Mirza Ismail Baig
Effect of incorporation of condensed cheese whey and Bifidobacterium bifidum in Yogurt - Mannuthy Department of Dairy Science, College of Veterinary and Animal Sciences 1994
An experiment was conducted to assess the possibility of utilization of whey solids in different forms in yogurt as a substitute for NDM and also B. bifidum as an adjunct with the view to improve the therapeutic value of yogurt.
A detailed review of literature was presented on the morphological and physiological characteristics of starter cultures, importance and utilization of whey solids, effect of long term storage on starter bacteria and other related aspects.
Methodology of condensation of cottage cheese whey, preparation of whey protein dispersion, and manufacture of set and frozen yogurt has been described. Important analytical procedures were presented.
The experiment comprised of part A and part B based on the starter culture. The mix under the part A were fermented with conventional yogurt starter culture viz. S. salivarious; subsp. Thermophiles and L. delbrueckii subsp. bulgaricus; as against this the mix under part B were fermented with combination of conventional yogurt starter and B. bifidum.
Each part comprised of four treatments based on types of milk solids used to raise the content of SNF to 13 per cent. For mixes under A – I and B – I fortification was with NDM. For A – II and B – II, condensed whey was used to replace 50 per cent NDM. Mixes under A – III and B – III were fortified with condensed whey to replace 100 per cent NDM; and whey protein dispersion was used to replace complete NDM under A – IV and B – IV.
The results obtained had been compared with similar reported studies and conclusions were drawn.
The data regarding the starter bacterial count indicated the optimum growth of thermophiles, bulgaricus and bifidobacteria in yogurt fortified with different forms of whey solids. The count of thermophiles and bifidobacteria were higher with the fortification of whey solids in yogurt mix; and the growth of bulgaricus was not adversely affected in the presence of the whey solids.
Incorparation of B. bifidum stimulated the growth of thermophiles, however, it was found to have some inhibitory effect on bulgaricus count. The inhibitory effect of B. bifidum on bulgaricus was lesser in presence of whey solids than in yogurt fortified with NDM.
Optimum growth of B. bifidum was obtained when grown in association with conventional yogurt culture.

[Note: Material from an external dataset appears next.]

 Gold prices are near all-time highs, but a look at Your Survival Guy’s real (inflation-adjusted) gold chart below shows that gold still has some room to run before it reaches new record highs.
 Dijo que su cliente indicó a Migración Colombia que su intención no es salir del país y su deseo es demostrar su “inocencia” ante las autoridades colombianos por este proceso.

The viable starter bacterial count was decreased by about one logarithmic unit during the process of freezing and hardening of yogurt at – 200 C. Additional reduction by one to two logarithmic units was also recorded during the frozen storage for 90 days. At the end of storage the population of viable starter bacteria, however, were higher than the minimum recommended range of 106 – 107, so as to provide the nutritional and therapeutic benefits after consumption.
Coliform count in the set yogurt was in the range of 1.66 – 5.00 cfu per ml. Yeast and mould count were 3.33 – 11.66 cfu per ml.

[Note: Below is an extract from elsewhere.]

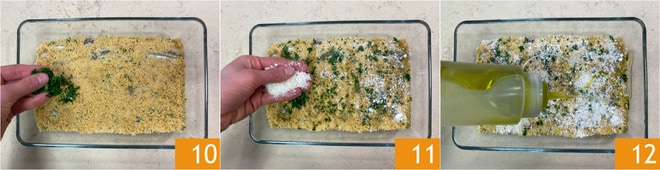 Polvilhe a superfície com a salsa restante 10 e uma pitada de Parmigiano 11, depois regue com um fio de azeite 12.
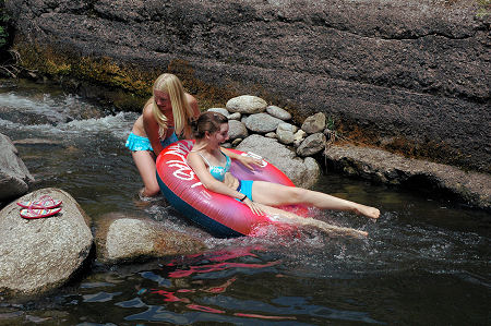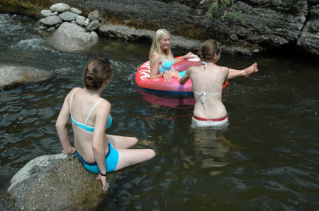 After a picnic lunch the girls went to the river that runs alongside the campsite...

Optimum acidity was produced in yogurt fortified with different forms of whey solids and also in presence of B. bifidum. The titratable acidity was in the range of 0.93 – 1.02 in set yogurt at pH 4.6. No appreciable change in titratable acidity and pH was observed during the storage of frozen yogurt.
The content of NPN in set yogurt under different treatments were 46.69 – 63.03 mg per 100g. The tyrosine values were in the range of 0.17 – 0.24 mg per g. There was a gradual increase in tyrosine value during the storage of frozen yogurt for 90 days at – 200 C.
The content of the diacetyl and acetaldehyde in the set yogurt were 7.83 – 19.00 ppm and 31.50 – 43.04 ppm respectively. The yogurt fortified with whey protein dispersion contained highest concentration of diacetyl. The concentration acetaldehyde in yogurt fortified with condensed whey as a substitute for complete NDM was significantly higher in comparison to products under other treatments.
Incorporation of B. bifidum as a supplementary culture reduced the levels of both diacetyl and acetaldehyde in set yogurt.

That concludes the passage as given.